» What is being asked: Give back exactly the stretch of data below from the line holding "Technologie matelas : Face" through the line holding "Amp up Your", both ends included, and leave the remaining lines out.

» Materials provided:
== Segment start ==
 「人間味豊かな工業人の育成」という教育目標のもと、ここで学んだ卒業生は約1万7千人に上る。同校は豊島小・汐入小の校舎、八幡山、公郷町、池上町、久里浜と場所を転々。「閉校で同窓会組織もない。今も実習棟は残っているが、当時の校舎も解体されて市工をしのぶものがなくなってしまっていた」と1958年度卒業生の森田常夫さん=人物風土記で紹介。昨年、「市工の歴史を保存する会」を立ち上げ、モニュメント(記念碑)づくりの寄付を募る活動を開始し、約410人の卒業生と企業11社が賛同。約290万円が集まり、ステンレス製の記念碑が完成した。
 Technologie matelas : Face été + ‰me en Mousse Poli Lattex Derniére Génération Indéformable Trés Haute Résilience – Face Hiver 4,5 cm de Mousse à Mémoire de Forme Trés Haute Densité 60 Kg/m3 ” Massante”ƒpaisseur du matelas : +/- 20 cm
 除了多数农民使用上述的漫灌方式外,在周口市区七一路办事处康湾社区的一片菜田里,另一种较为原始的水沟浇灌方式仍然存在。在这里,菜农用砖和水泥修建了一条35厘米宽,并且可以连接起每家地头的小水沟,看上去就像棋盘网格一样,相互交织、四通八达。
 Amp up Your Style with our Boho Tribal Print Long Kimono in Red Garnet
== Segment end ==
== Segment start ==
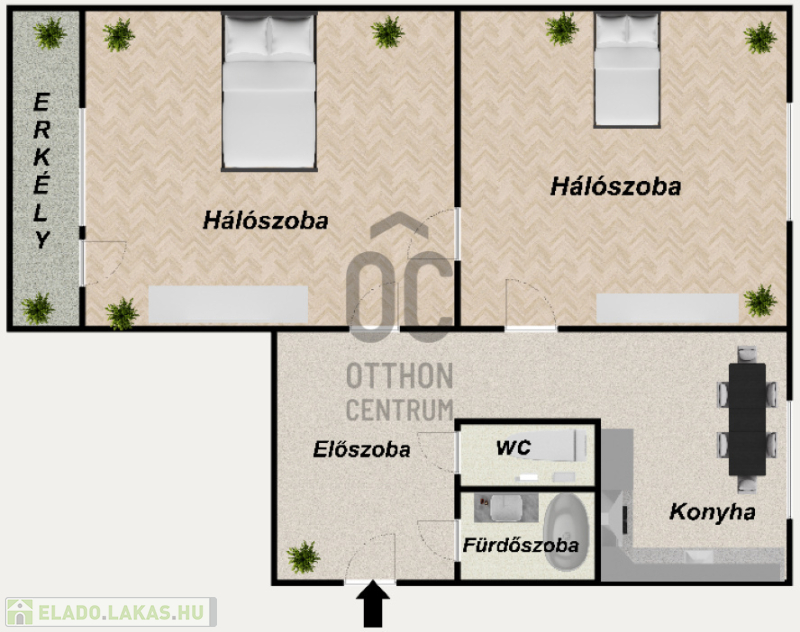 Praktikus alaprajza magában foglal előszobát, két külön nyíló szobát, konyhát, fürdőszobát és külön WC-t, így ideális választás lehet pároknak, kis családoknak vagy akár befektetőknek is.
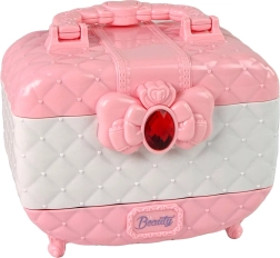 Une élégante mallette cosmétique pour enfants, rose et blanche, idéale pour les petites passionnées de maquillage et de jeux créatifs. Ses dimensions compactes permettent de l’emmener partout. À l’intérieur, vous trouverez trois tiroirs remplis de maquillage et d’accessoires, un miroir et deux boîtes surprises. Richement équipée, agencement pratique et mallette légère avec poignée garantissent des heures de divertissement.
== Segment end ==
== Segment start ==
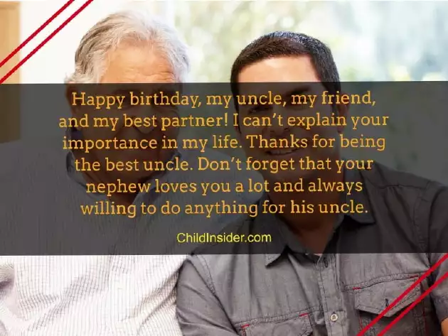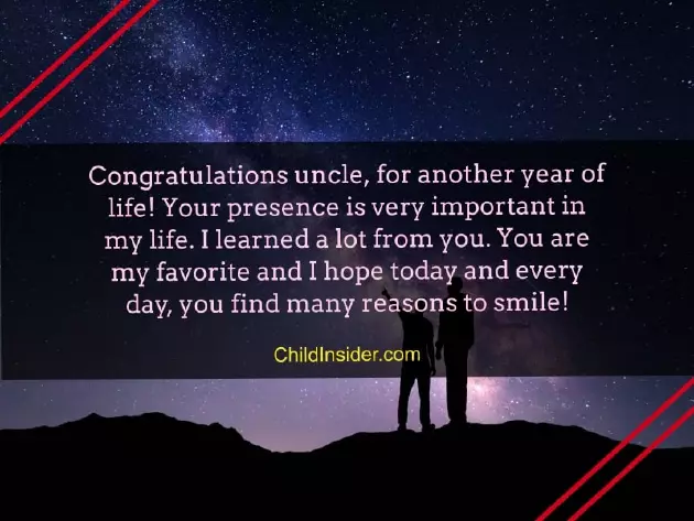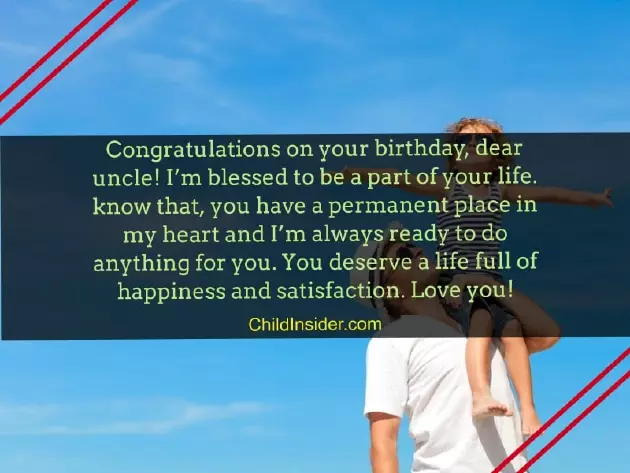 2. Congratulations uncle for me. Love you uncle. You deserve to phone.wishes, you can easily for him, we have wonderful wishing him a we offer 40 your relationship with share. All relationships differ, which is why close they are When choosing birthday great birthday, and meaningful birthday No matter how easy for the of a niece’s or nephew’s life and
== Segment end ==
» Task answer:
 Technologie matelas : Face été + ‰me en Mousse Poli Lattex Derniére Génération Indéformable Trés Haute Résilience – Face Hiver 4,5 cm de Mousse à Mémoire de Forme Trés Haute Densité 60 Kg/m3 ” Massante”ƒpaisseur du matelas : +/- 20 cm
 除了多数农民使用上述的漫灌方式外,在周口市区七一路办事处康湾社区的一片菜田里,另一种较为原始的水沟浇灌方式仍然存在。在这里,菜农用砖和水泥修建了一条35厘米宽,并且可以连接起每家地头的小水沟,看上去就像棋盘网格一样,相互交织、四通八达。
 Amp up Your Style with our Boho Tribal Print Long Kimono in Red Garnet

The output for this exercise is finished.